It represents his first full-scale exploration of his passion for the literary gothic.

The stories in this collection draw the reader into a psycho-sexual vortex in which fantasy and reality collapse to create nightmarish worlds from which there is no escape. They are powerfully charged, dream-like explorations of violence, neglect, regret and the need for love, graced with poetic elegance. Make no mistake, however, these are disturbing tales that push boundaries.

Living paintings, spectral children, cannibal serial killers, lost souls, haunted houses, and ancient evil proliferate in The Door. Combined with Dmetri Kakmis gothic imagination and mordant humour, the result is fiction that is provocative and unsettling.

This collection contains three new and three previously published stories, including the acclaimed “Haunting Matilda”, “The Long Lonely Road” and “The Boy by the Gate”. There are diverse starting points.

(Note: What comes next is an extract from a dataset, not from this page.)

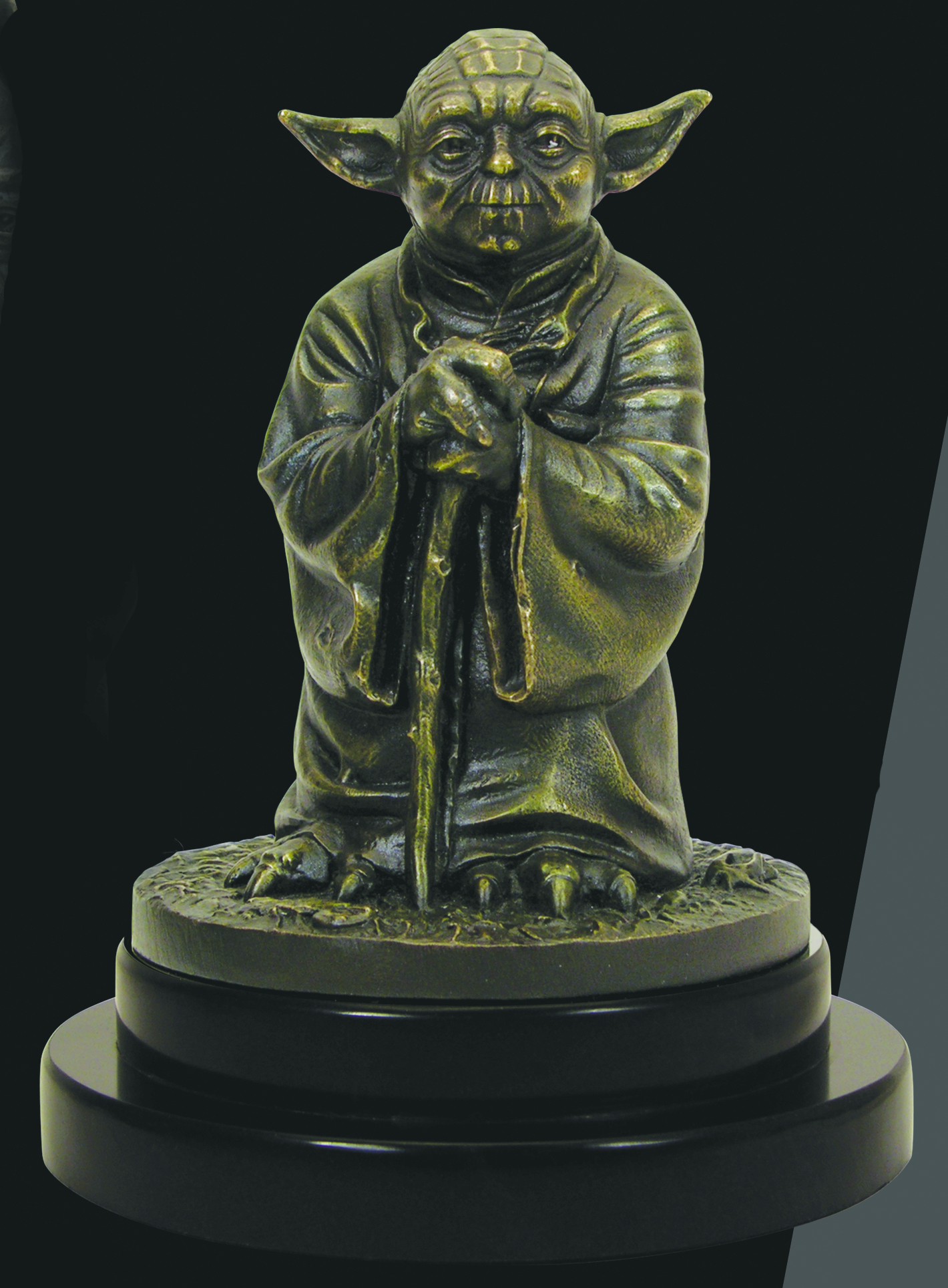 In collaboration with Lawrence Noble, Gentle Giant brings you a scale replica of the Yoda Fountain located in front of the Lucasfilm: Letterman Digital Art Center at the Presidio of San Francisco, California. This solid bronze cast of Yoda stands approximately 7.75 inches tall.

Most stories are set in Australia, though “The Long Lonely Road” is set on the island of Tenedos in Turkey, where Kakmi grew up, and centres on a Muslim boy. The main character of the novella, The Door, which lends its name to the collection, is Greek and homosexual. Some stories have queer characters, most do not. Several stories have female main characters.

Putting the collection together gave Kakmi pause for thought.

“Where do stories come from? The best I can do is to say they come from an unconscious urge inside the author and find sentience on the page,” Kakmi says.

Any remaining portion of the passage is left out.